╭──

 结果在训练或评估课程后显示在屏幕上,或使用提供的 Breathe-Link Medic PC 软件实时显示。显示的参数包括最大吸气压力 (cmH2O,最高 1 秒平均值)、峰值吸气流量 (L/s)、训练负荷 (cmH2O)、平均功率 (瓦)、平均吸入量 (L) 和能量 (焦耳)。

╰──
╭──

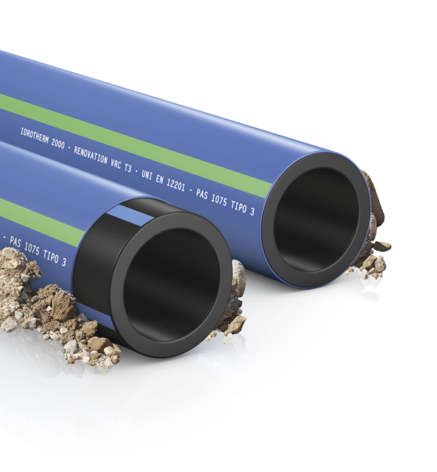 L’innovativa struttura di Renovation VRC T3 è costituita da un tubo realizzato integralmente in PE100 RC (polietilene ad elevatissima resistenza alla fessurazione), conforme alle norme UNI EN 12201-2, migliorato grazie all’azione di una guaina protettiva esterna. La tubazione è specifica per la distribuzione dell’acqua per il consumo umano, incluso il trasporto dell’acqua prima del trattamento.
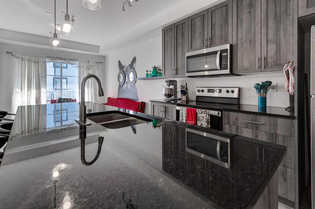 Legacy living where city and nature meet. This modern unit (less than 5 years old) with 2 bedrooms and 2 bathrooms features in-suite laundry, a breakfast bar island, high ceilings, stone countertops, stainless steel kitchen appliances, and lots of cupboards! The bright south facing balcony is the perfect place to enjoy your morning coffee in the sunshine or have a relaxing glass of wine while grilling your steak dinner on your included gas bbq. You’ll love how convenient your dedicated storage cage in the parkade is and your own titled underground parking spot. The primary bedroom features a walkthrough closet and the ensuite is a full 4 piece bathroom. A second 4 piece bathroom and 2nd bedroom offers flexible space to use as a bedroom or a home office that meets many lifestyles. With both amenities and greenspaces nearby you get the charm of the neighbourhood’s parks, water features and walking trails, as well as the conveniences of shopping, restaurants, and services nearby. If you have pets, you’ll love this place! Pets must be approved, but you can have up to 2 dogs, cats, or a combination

╰──
╭──

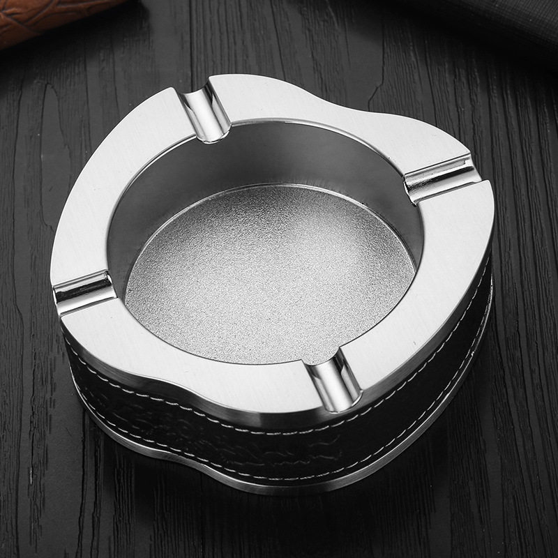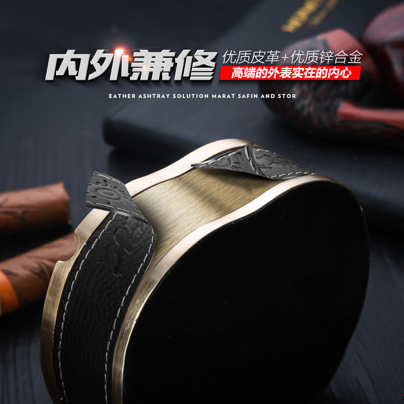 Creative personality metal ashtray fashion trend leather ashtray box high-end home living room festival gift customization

╰──

How to complete this task -
The lines to reproduce run from the one above containing "L’innovativa struttura di" through the one containing "Legacy living where". Copy them exactly and leave out all pictures.

Response to the exercise -
 L’innovativa struttura di Renovation VRC T3 è costituita da un tubo realizzato integralmente in PE100 RC (polietilene ad elevatissima resistenza alla fessurazione), conforme alle norme UNI EN 12201-2, migliorato grazie all’azione di una guaina protettiva esterna. La tubazione è specifica per la distribuzione dell’acqua per il consumo umano, incluso il trasporto dell’acqua prima del trattamento.
 Legacy living where city and nature meet. This modern unit (less than 5 years old) with 2 bedrooms and 2 bathrooms features in-suite laundry, a breakfast bar island, high ceilings, stone countertops, stainless steel kitchen appliances, and lots of cupboards! The bright south facing balcony is the perfect place to enjoy your morning coffee in the sunshine or have a relaxing glass of wine while grilling your steak dinner on your included gas bbq. You’ll love how convenient your dedicated storage cage in the parkade is and your own titled underground parking spot. The primary bedroom features a walkthrough closet and the ensuite is a full 4 piece bathroom. A second 4 piece bathroom and 2nd bedroom offers flexible space to use as a bedroom or a home office that meets many lifestyles. With both amenities and greenspaces nearby you get the charm of the neighbourhood’s parks, water features and walking trails, as well as the conveniences of shopping, restaurants, and services nearby. If you have pets, you’ll love this place! Pets must be approved, but you can have up to 2 dogs, cats, or a combination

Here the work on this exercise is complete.